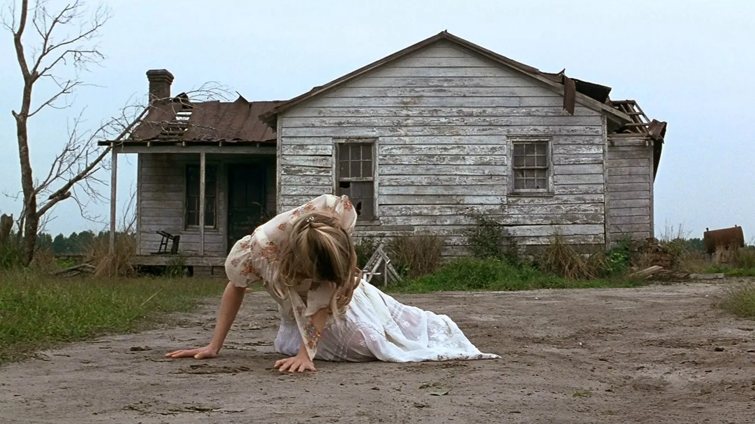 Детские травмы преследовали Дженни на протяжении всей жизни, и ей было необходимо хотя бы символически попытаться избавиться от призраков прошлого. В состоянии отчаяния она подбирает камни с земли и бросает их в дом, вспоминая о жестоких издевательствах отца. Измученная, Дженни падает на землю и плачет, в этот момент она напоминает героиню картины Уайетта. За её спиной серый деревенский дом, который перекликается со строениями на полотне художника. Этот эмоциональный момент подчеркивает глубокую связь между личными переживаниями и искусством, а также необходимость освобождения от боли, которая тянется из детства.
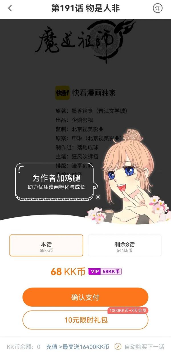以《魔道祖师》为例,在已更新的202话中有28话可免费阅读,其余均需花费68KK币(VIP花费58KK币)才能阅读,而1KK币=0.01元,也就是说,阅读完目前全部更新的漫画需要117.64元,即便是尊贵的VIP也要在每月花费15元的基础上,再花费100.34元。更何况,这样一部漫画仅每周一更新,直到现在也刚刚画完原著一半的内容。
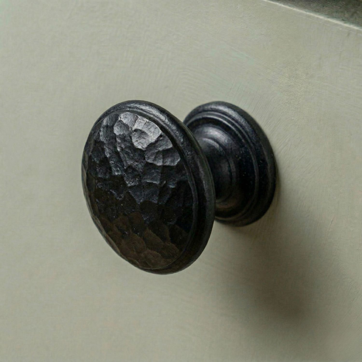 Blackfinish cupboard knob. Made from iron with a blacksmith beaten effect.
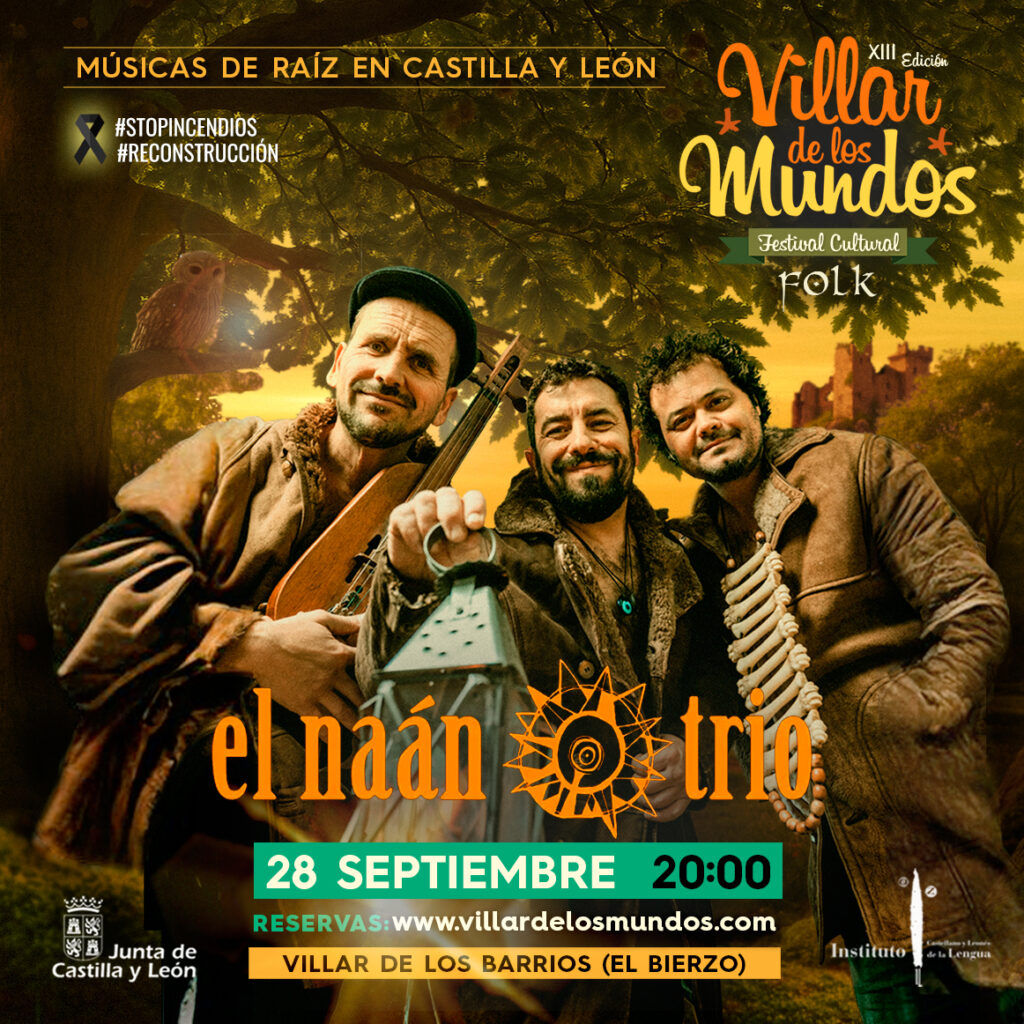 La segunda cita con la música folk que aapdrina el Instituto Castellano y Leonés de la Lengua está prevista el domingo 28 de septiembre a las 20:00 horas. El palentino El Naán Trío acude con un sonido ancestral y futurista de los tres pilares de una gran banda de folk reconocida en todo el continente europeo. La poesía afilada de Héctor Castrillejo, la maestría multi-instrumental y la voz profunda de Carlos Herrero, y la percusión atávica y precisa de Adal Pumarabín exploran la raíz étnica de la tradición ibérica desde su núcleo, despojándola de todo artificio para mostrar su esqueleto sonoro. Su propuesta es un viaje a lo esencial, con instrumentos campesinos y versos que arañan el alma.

--------------------------------------------------

■ Directions for this task
Restate the material word for word from its first line through the line containing "Blackfinish cupboard knob.", both included; the pictures do not belong in it.

■ Finished task
 Детские травмы преследовали Дженни на протяжении всей жизни, и ей было необходимо хотя бы символически попытаться избавиться от призраков прошлого. В состоянии отчаяния она подбирает камни с земли и бросает их в дом, вспоминая о жестоких издевательствах отца. Измученная, Дженни падает на землю и плачет, в этот момент она напоминает героиню картины Уайетта. За её спиной серый деревенский дом, который перекликается со строениями на полотне художника. Этот эмоциональный момент подчеркивает глубокую связь между личными переживаниями и искусством, а также необходимость освобождения от боли, которая тянется из детства.
以《魔道祖师》为例,在已更新的202话中有28话可免费阅读,其余均需花费68KK币(VIP花费58KK币)才能阅读,而1KK币=0.01元,也就是说,阅读完目前全部更新的漫画需要117.64元,即便是尊贵的VIP也要在每月花费15元的基础上,再花费100.34元。更何况,这样一部漫画仅每周一更新,直到现在也刚刚画完原著一半的内容。
 Blackfinish cupboard knob. Made from iron with a blacksmith beaten effect.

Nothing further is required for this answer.